Notes: (From W.W. Norton)
- Christopher Columbus left Palos, Spain, on August 6, 1492 and sighted the shores of the Bahamian island that he and his crew named San Salvador at two in the morning of October 12. There, he seized seven Taino Indians and took them to Spain, where he renamed them and baptized them as Christians. When Columbus returned to the Americas in November 1493, Diego Colón, one of the Taino Indians, spoke of the “marvels” he had seen in Europe. Four others died during the voyage. Later, other Europeans arrived to colonize the Americas, so that the fortresses, churches, horses, and new foods about which Colón spoke soon became part of the landscape.

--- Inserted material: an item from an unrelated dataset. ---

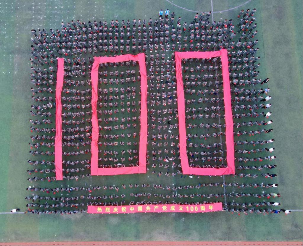 操場(chǎng)中央,由1000名2020級(jí)學(xué)生組成方隊(duì),呈現(xiàn)“100”字型,向黨致敬?;顒?dòng)全程莊嚴(yán)肅穆,又不失青春的朝氣蓬勃和奮進(jìn)的斗志昂揚(yáng),顯現(xiàn)出師生對(duì)中國(guó)共產(chǎn)黨百年華誕的崇敬與祝福。

- European colonists brought textiles, tools, and institutions of the church and state, such as slavery, to the Americas.
- Native American literatures originated in oral performance, which were offered to audiences as dramatic events in time and language for the ear.
- More than any European nation, Spain aggressively colonized the Americas.
Columbus’s letter to the court of Luis de Santagel, narrating his voyage to the “West Indies,” became a means to stir individual imaginations and national ambitions in Europe, but “early American writing” by Native Americans and European colonists served numerous other purposes. - Although English later became a useful lingua franca for the thirteen British colonies and the literary medium of choice, other languages remained actively in use for both mundane and expressive purposes.
- Texts that documented the cross-cultural relations of European colonists and Native Americans were prolific.